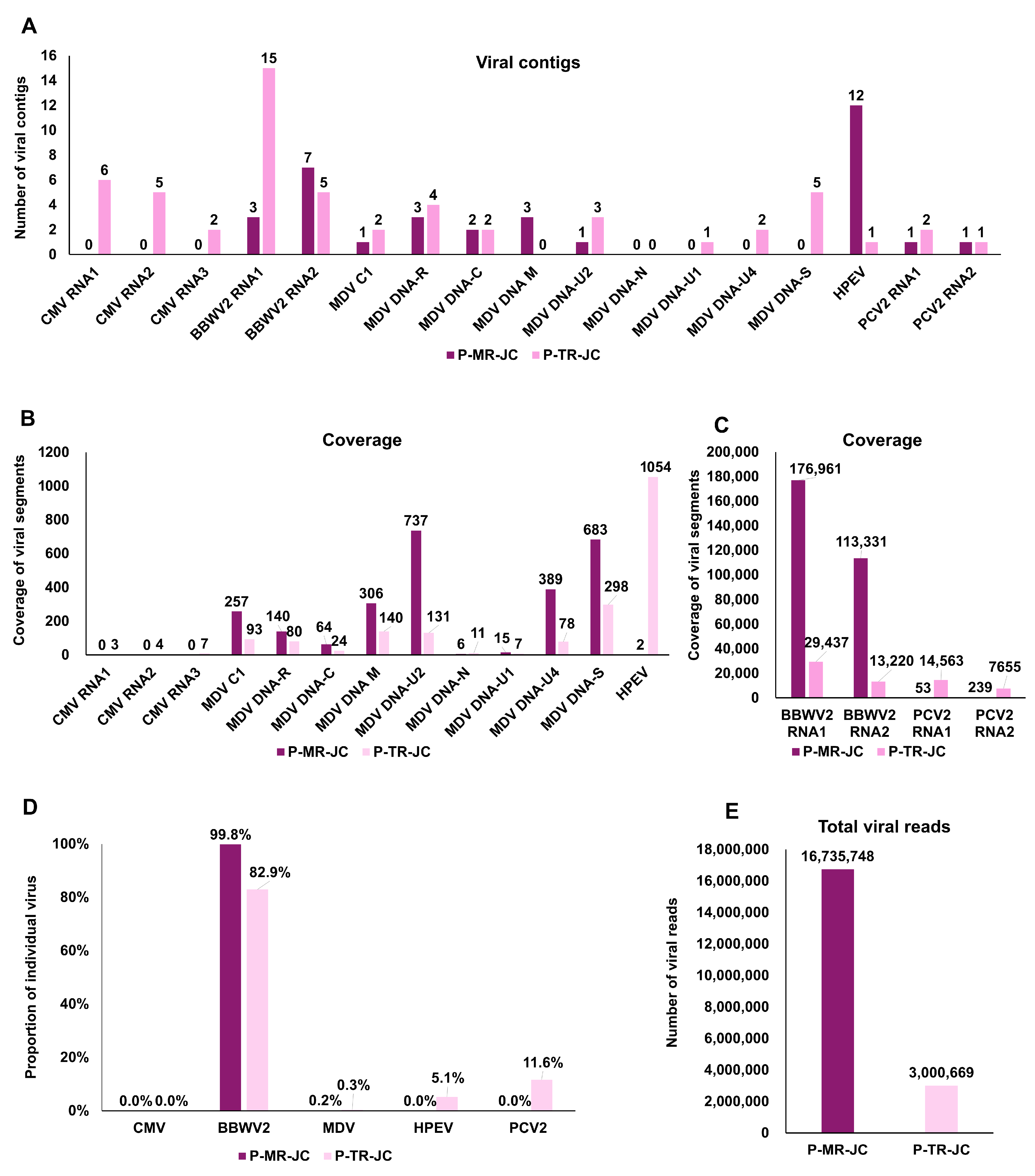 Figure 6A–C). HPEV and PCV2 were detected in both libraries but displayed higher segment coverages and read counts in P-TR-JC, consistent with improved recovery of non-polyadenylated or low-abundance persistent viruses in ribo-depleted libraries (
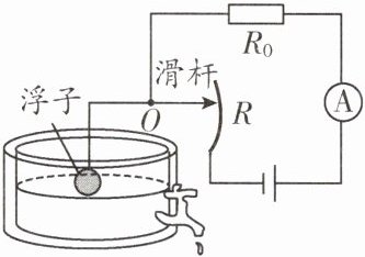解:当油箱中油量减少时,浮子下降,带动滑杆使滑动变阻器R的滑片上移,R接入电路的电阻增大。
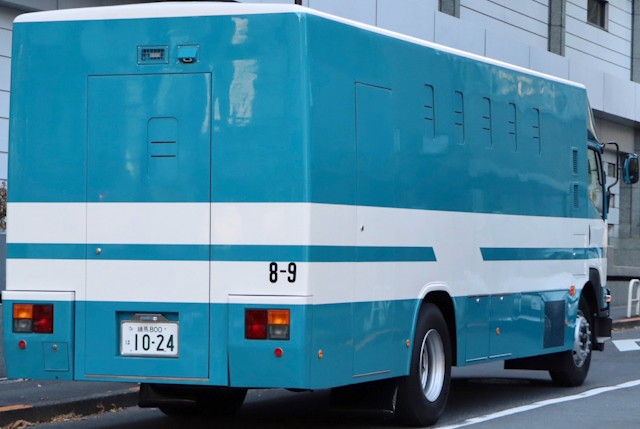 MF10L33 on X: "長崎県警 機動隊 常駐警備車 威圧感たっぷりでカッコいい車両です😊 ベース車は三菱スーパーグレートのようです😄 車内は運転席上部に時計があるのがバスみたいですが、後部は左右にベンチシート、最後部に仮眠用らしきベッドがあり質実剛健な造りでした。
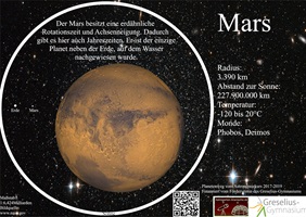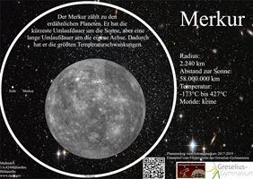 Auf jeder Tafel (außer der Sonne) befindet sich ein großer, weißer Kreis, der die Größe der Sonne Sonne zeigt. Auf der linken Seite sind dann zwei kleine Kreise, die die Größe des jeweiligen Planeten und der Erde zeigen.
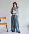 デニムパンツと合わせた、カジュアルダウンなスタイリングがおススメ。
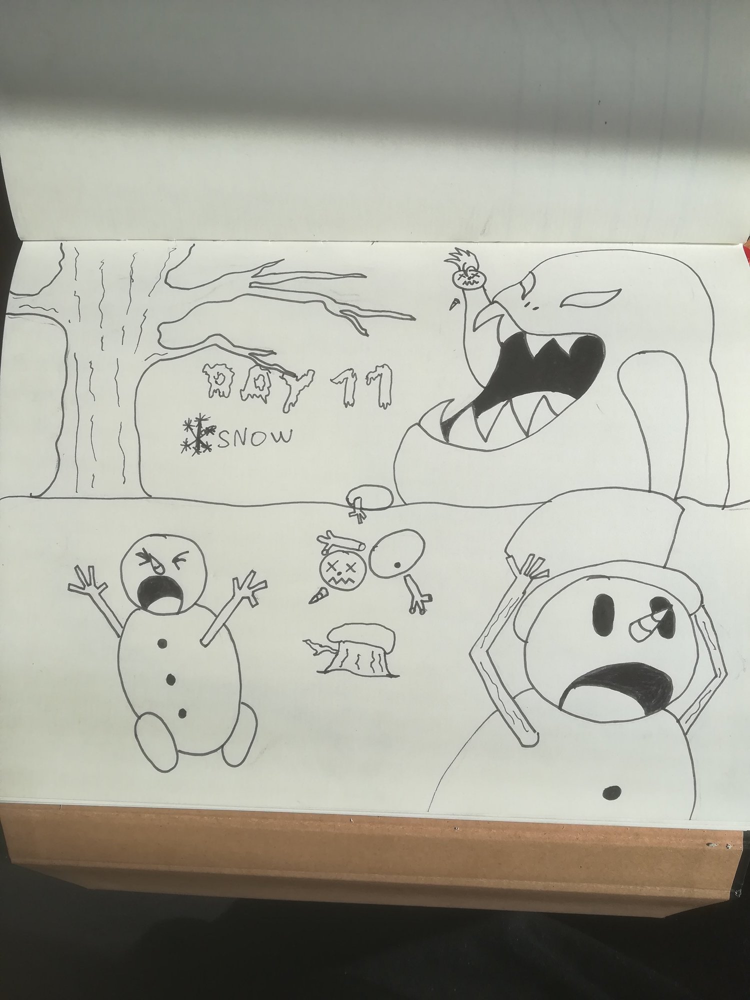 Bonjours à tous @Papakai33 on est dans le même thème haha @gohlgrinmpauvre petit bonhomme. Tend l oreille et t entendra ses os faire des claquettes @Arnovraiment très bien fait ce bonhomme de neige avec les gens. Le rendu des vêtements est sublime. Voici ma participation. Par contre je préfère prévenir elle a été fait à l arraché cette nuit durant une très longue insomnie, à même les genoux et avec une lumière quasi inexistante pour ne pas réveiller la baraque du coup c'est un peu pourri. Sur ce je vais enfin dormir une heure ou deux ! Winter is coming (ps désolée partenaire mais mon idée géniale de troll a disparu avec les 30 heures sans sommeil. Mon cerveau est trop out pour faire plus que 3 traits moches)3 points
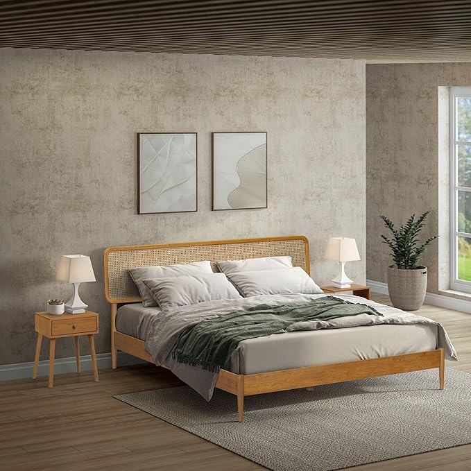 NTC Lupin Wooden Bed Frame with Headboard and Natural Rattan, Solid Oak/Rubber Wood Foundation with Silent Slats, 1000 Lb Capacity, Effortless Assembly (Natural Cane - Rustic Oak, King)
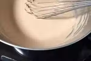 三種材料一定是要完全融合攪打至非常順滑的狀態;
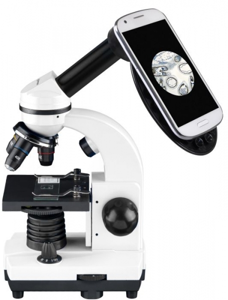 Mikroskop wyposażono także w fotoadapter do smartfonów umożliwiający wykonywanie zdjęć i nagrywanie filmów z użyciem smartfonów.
──────
Your assignment: Everything above from the line that has "機動隊 常駐警備車 威圧感たっぷりでカッコいい車両です😊" down to the line that has "デニムパンツと合わせた、カジュアルダウンなスタイリングがおススメ。" should be output exactly, with both of those lines included. Leave the pictures behind.

Task result:
 MF10L33 on X: "長崎県警 機動隊 常駐警備車 威圧感たっぷりでカッコいい車両です😊 ベース車は三菱スーパーグレートのようです😄 車内は運転席上部に時計があるのがバスみたいですが、後部は左右にベンチシート、最後部に仮眠用らしきベッドがあり質実剛健な造りでした。
 Auf jeder Tafel (außer der Sonne) befindet sich ein großer, weißer Kreis, der die Größe der Sonne Sonne zeigt. Auf der linken Seite sind dann zwei kleine Kreise, die die Größe des jeweiligen Planeten und der Erde zeigen.
 デニムパンツと合わせた、カジュアルダウンなスタイリングがおススメ。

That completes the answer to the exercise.